Okay, not every child is C.S. Lewis. Then again, C.S. Lewis wasn’t exactly C.S. Lewis as a child. He was simply “Jack” to his friends and family. Still, is it reasonable for a typical six-year-old or a fifteen-year-old, for that matter, to create his own Boxen? Given the right inspiration, why not?

But easier (and perhaps better yet), children can pull whole worlds from J.R.R. Tolkien’s “cauldron of story” and play with those stories. Find a doll and play Cinderella or a tower of blocks and play Jack and the Beanstalk. For older children, reenact Beowulf or the quest for the Holy Grail with puppets or peg dolls. Through the act of playing, the world will come to life. Better still, it will be a new version of the other world, unique to the child creating it.

The real magic happens in the telling that goes along with the playing. After all, Lewis himself said in a letter to a Mrs. Ashton dated February 2, 1955, “a story is only imagining out loud.” Anyone who has ever observed a child playing with toys has seen him talking aloud, sometimes whispering quietly to himself, as he acts out whatever is going on. That is the natural course of play. We want our imaginary worlds to be seen and heard in order to make them real.

If we want to harness this with the goal of cultivating storytelling, then we could encourage the child to go a step further and perform his world for an audience. In this way, the child would put on his play, dramatizing it through his toys, or even without them at the dinner table or before bedtime.  

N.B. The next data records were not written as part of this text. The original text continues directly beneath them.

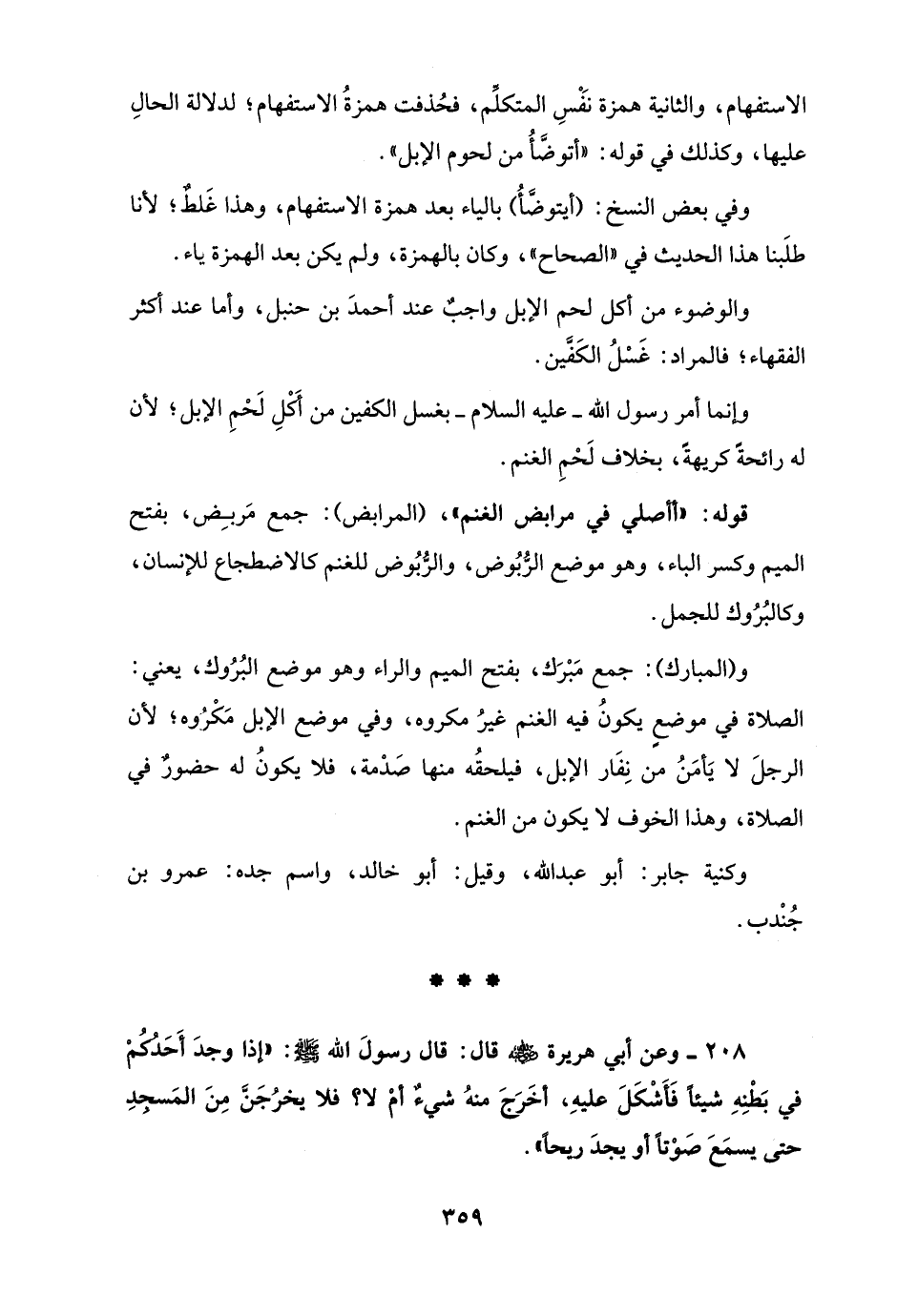 208 - وعن أبي هريرة - رضي الله عنه - قال: قال رسولَ الله - صلى الله عليه وسلم -: "إذا وجدَ أَحَدُكُمْ في بَطْنِهِ شيئًا فَأَشْكَلَ عليهِ، أخَرَجَ منهُ شيءٌ أمْ لا؟ فلا يخرُجَنَّ مِنَ المَسجِدِ حتى يسمَعَ صَوْتًا أو يجدَ ريحًا".
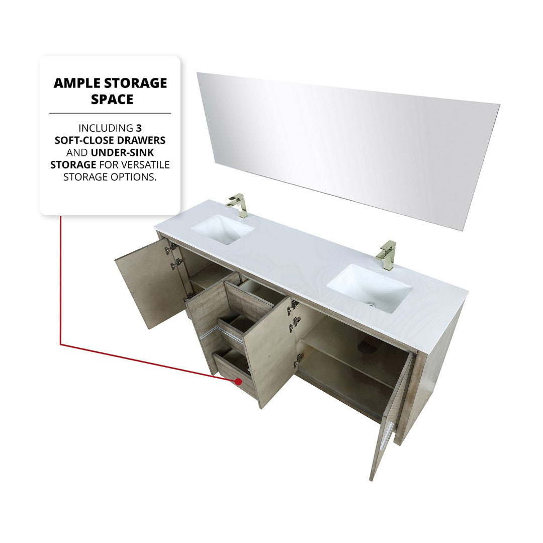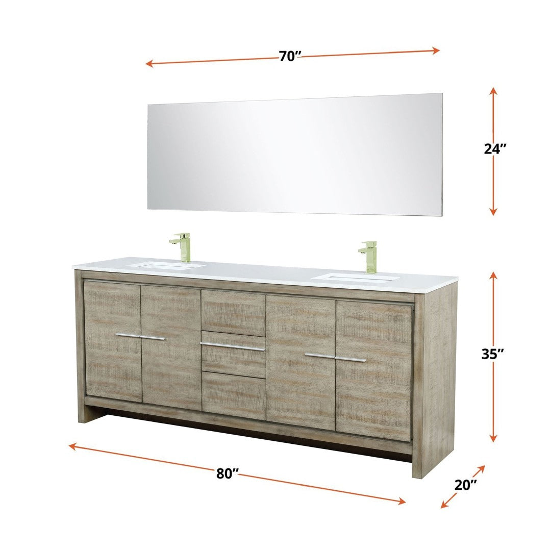 - Dimensions: Overall vanity width 80 in. x depth 20 in.; included mirror 70 in. W x 24 in. H; product dimensions listed: 75 L x 28 W x 4 H.
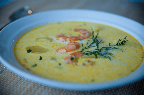 Cheese soup with shrimps
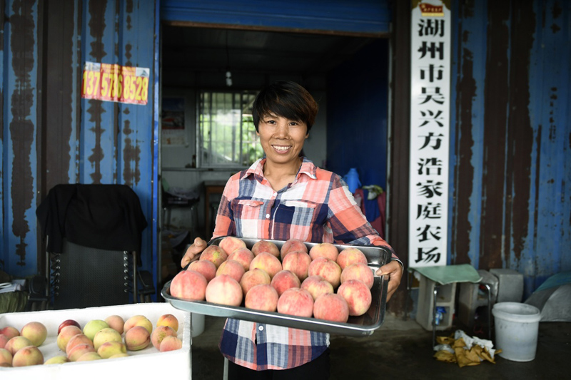 7月1日,浙江省湖州市吳興區(qū)妙西鎮(zhèn)方浩家庭農(nóng)場的農(nóng)戶方琴蓮在展示剛采摘的鮮桃。

In classical speak, this is called the art of narration. In its most developed form, narration is a full-blown storytelling with all the dramatic flair a child can muster.

This is especially helpful for learning certain story phrases like “once upon a time” and “happily ever after” and story elements like “the turn” (aka the great reveal) and “the unraveling” (aka the dramatic fall after the climax). There are many other phrases and elements and so on, and a child does not need to know the technical terms for any of them. The main thing is that the child comes to embody the ideas reflected in the terms through imitation.

For example, the more a child repeats familiar story phrases, the more he will be able to coin his own. “Once upon a time” will soon turn into “Once there were four children whose names were Peter, Susan, Edmund and Lucy” (Lewis’s opening line for The Lion, the Witch, and the Wardrobe) or “In a hole in the ground there lived a hobbit” (Tolkien’s opening line for The Hobbit).

No matter what the line turns into, it starts from the same model—once upon a time. The variation comes through the course of play as the child develops his own voice. Speaking his voice aloud attunes his ear to what is appealing and what is not. It compels him to compare what he is saying with what he has heard from familiar stories. He will naturally ask himself, “Does that sound right?”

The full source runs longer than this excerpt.